* [The records]
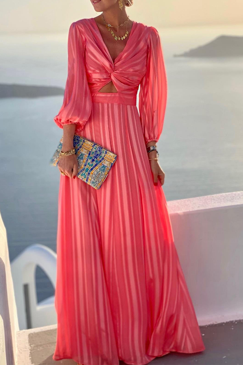 Fashion Solid Hollowed Out V Neck Cake Skirt Dresses
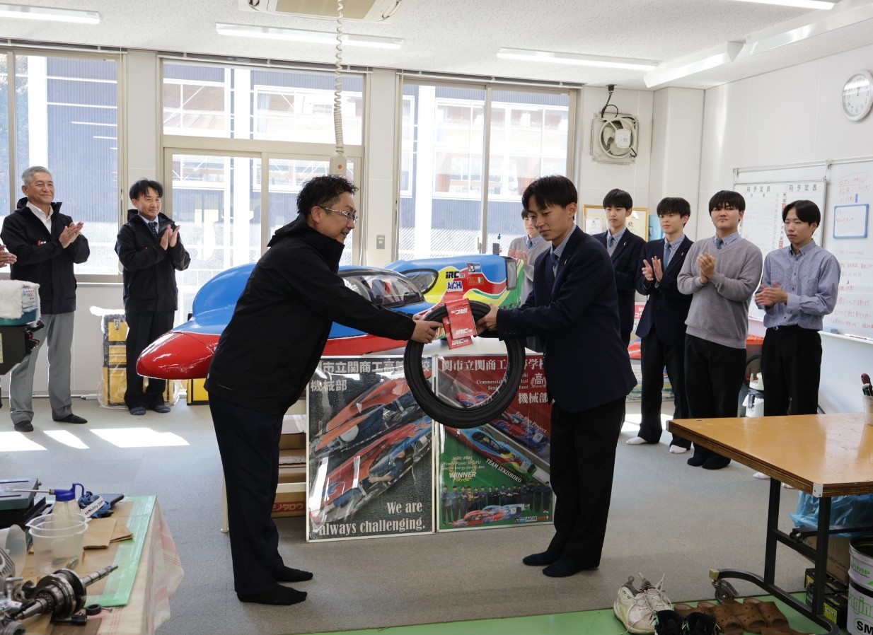 藤吉真澄プロジェクトリーダーからエコランカー専用タイヤが寄贈された
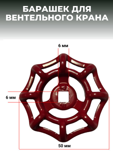 Маховик (БАРАШЕК) для вентильного крана 6х6 красный
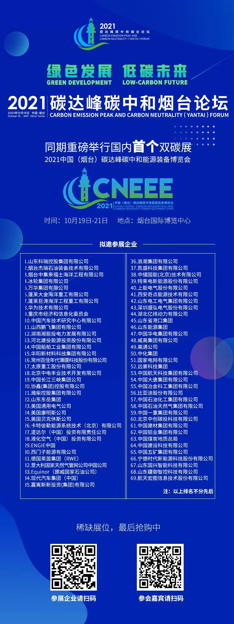 为加快构建清洁低碳能源体系,进一步扩大合作、共享智慧,高质量推动碳达峰碳中和目标实现,由山东省发展和改革委员会、烟台市人民政府、中国核学会、中国机械工业联合会、中国能源报社主办,烟台市发展和改革委员会、烟台市新兴产业发展推进中心、烟台众创核电研发中心承办的“2021碳达峰碳中和烟台论坛”将于10月19日—21日在山东省烟台市举办。论坛期间,将同步举办中国核学会2021年学术年会、2021中国(烟台)核能安全暨核电产业链高峰论坛、2021中国国际核电工业及装备展览会、2021中国(烟台)碳达峰碳中和能源装备博览会、新时代核工业精神宣讲晚会等活动。
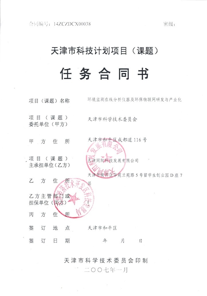 2014年11月19日,由天津同陽(yáng)科技發(fā)展有限公司牽頭的“環(huán)境監(jiān)測(cè)在線(xiàn)分析儀器及環(huán)保物聯(lián)網(wǎng)研發(fā)與產(chǎn)業(yè)化”項(xiàng)目,經(jīng)天津市科學(xué)技術(shù)委員會(huì)批準(zhǔn)列入“2014年天津市科技支撐計(jì)劃重點(diǎn)項(xiàng)目”,在“資源環(huán)境”領(lǐng)域獲得立項(xiàng)支持。
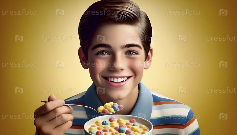 Здоровый портрет персикового мальчика с аккуратной стрижкой, ярко улыбающегося в то время как он наслаждается миской красочных хлопьев на завтрак, Ai generated image
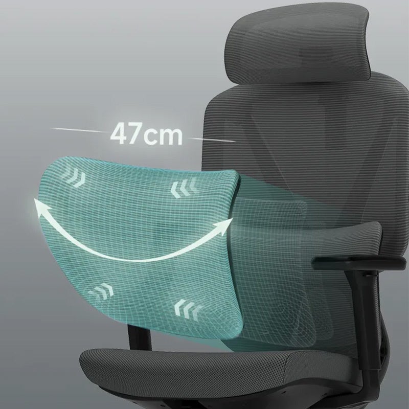 身体のカーブに沿って支える連動サポート構造により、圧力を分散し安定した座り心地。
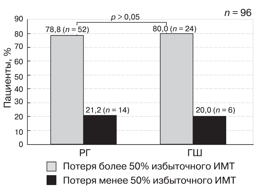 В точке надир была выявлена сопоставимая эффективность РГ и ГШ в отношении снижения массы тела. Так, в группе РГ потери избыточного ИМТ (%EBMIL) более 50% достигли 52 (78,8%) пациента из 66, в группе ГШ – 24 (80,0%) пациента из 30 (рис. 1). Значимой разницы по количеству пациентов, достигших 50% EBMIL, между РГ и ГШ выявлено не было (р > 0,05).

* [Exercise instructions]
Repeat the listing above word for word. Do not include the pictures.

* [Exercise solution]
 Fashion Solid Hollowed Out V Neck Cake Skirt Dresses
 藤吉真澄プロジェクトリーダーからエコランカー専用タイヤが寄贈された
 Маховик (БАРАШЕК) для вентильного крана 6х6 красный
 为加快构建清洁低碳能源体系,进一步扩大合作、共享智慧,高质量推动碳达峰碳中和目标实现,由山东省发展和改革委员会、烟台市人民政府、中国核学会、中国机械工业联合会、中国能源报社主办,烟台市发展和改革委员会、烟台市新兴产业发展推进中心、烟台众创核电研发中心承办的“2021碳达峰碳中和烟台论坛”将于10月19日—21日在山东省烟台市举办。论坛期间,将同步举办中国核学会2021年学术年会、2021中国(烟台)核能安全暨核电产业链高峰论坛、2021中国国际核电工业及装备展览会、2021中国(烟台)碳达峰碳中和能源装备博览会、新时代核工业精神宣讲晚会等活动。
 2014年11月19日,由天津同陽(yáng)科技發(fā)展有限公司牽頭的“環(huán)境監(jiān)測(cè)在線(xiàn)分析儀器及環(huán)保物聯(lián)網(wǎng)研發(fā)與產(chǎn)業(yè)化”項(xiàng)目,經(jīng)天津市科學(xué)技術(shù)委員會(huì)批準(zhǔn)列入“2014年天津市科技支撐計(jì)劃重點(diǎn)項(xiàng)目”,在“資源環(huán)境”領(lǐng)域獲得立項(xiàng)支持。
 Здоровый портрет персикового мальчика с аккуратной стрижкой, ярко улыбающегося в то время как он наслаждается миской красочных хлопьев на завтрак, Ai generated image
 身体のカーブに沿って支える連動サポート構造により、圧力を分散し安定した座り心地。
 В точке надир была выявлена сопоставимая эффективность РГ и ГШ в отношении снижения массы тела. Так, в группе РГ потери избыточного ИМТ (%EBMIL) более 50% достигли 52 (78,8%) пациента из 66, в группе ГШ – 24 (80,0%) пациента из 30 (рис. 1). Значимой разницы по количеству пациентов, достигших 50% EBMIL, между РГ и ГШ выявлено не было (р > 0,05).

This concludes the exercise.